Hi.  I've heard different ways to say various letters of the alphabet in Spanish that I haven't found in any dictionary or online here.  

Specifically, can anyone tell me if the letter "y" is referred to as "je" rather than "igriega" in Spain?  I have a CD produced by a Spaniard, and both of these names are given to the letter "y," and I'm trying to figure out if the "je" is common in Spain or other parts of the Spanish-speaking world when referring to the letter "y."  

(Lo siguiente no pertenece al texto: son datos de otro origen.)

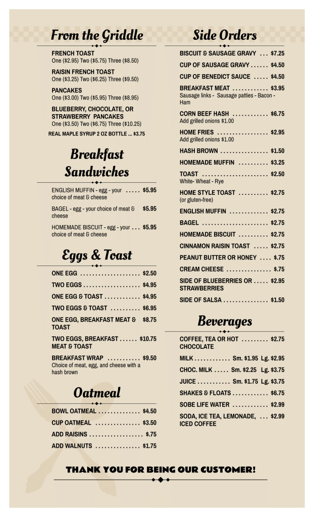Breakfast * Disclaimer: Prices, items, and menus subject to change. Accurate as of July 13th, 2025. Like Loading...
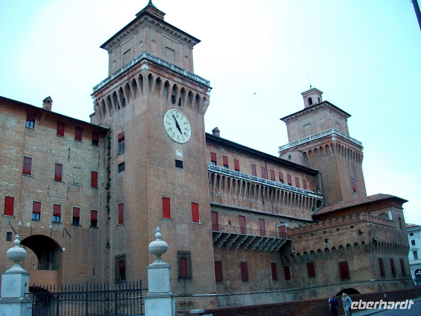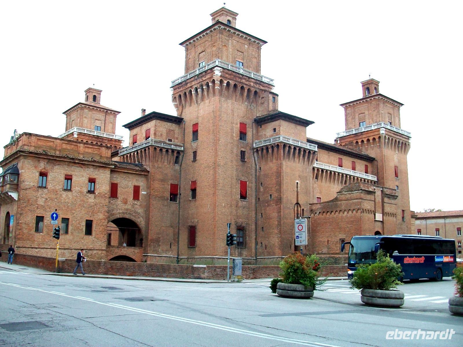 Weit dehnen sich die fruchtbaren Felder der Emilia Romagna aus als wir mit unserem Bus in dieser schönen und von der Landwirtschaft geprägten Gegend unterwegs sind. Am Nachmittag langen wir in Ferrara an, der Bus bringt uns in das Zentrum dieser Stadt und hier gönnen wir uns noch ein gutes Stündchen Aufenthalt. Vor uns breiten sich die mächtigen Mauern des Wasserschlosses der Familie Este aus. Dieses Geschlecht ist schon seit Jahrhunderten ausgestorben, unsterblich haben sie sich hier in ihrem Palast verewigt der in seiner Architektur ein Glanzstück der Renaissance darstellt. Das sind Bauten für die Ewigkeit und nur die Zukunft wird es zeigen ob auch unsere Epoche durch solche Monumente die Nachkommen in späteren Jahrhunderten in gleicher Art begeistern kann.
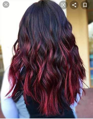 Ombre Haare Mit Schwarzem Ansatz Und Ubergang In Rot Ombre Haare Haarfarben Ombre Haare Farben
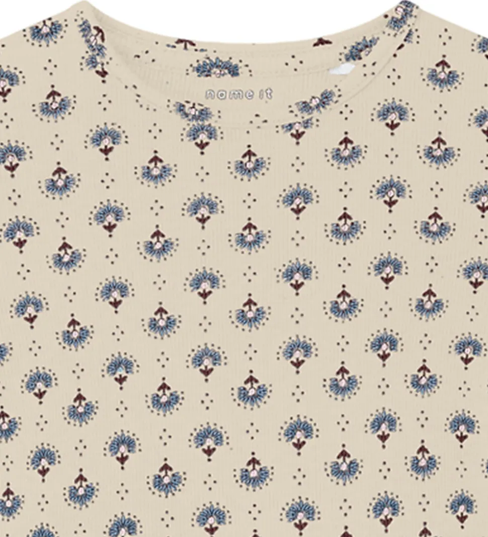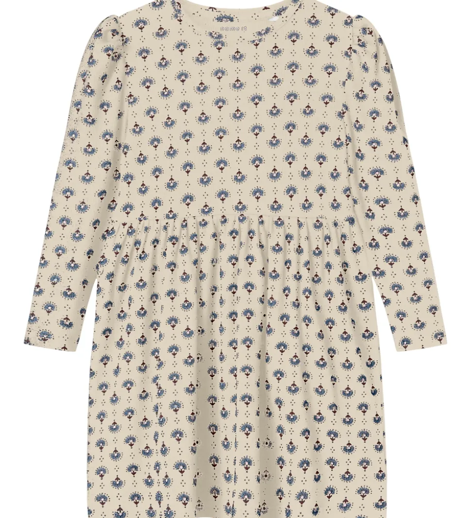 Elegant Name It kjole i lys beige med ribstruktur og blomsterlignende print i blå, brun og rosa. Kjolen har en rund halsudskæring og lange ærmer med puf ved skuldrene. I taljen er der en elastisk syning, som giver en flot pasform.

"W" is also referred to as "uve doble" rather than the designation I'm used to hearing: "doble ve."  Again, I'd love to know where this is used.

Gracias de antemano.


----------



## Txiri

I've never EVER seen "y" called "je" or anything like that. Somebody way back noticed the Roman "i", (la i), and the fact that the Greeks used "y" to denote a similar sound, hence (la i griega). 

I can't imagine who would have come up with that, either. At least the_ i griega_ makes sense. 

"W", I have always heard as "uve doble" or "doble uve". 

I used to point out to Anglo students that in Spanish they saw it as a double "v", whereas we Anglos had seen it as a double "u". I'd never stopped to think about the "uve" before, since the vowel "u" is "la u". 

My two cents' worth.

Interesting question!


----------



## jsf_pp

im from latin america, and i´ve never listened /dze/ as "y" before. Its always called "y griega"


----------



## Lorenzito

Y = Ye or I griega
W = Doble U o Doble V, Uve Doble
ll = eye (eje) o dpble ele

And I don't know how many more, it depends on the region


----------



## nanel

Jamás he oído je a menos que te refieras a la G (ge - mismo sonido, distinta grafía). La Y es la I griega. W es uve doble para mí. He oído doble uve también, pero me parece bastante menos común. Me suena un poco raro, de hecho.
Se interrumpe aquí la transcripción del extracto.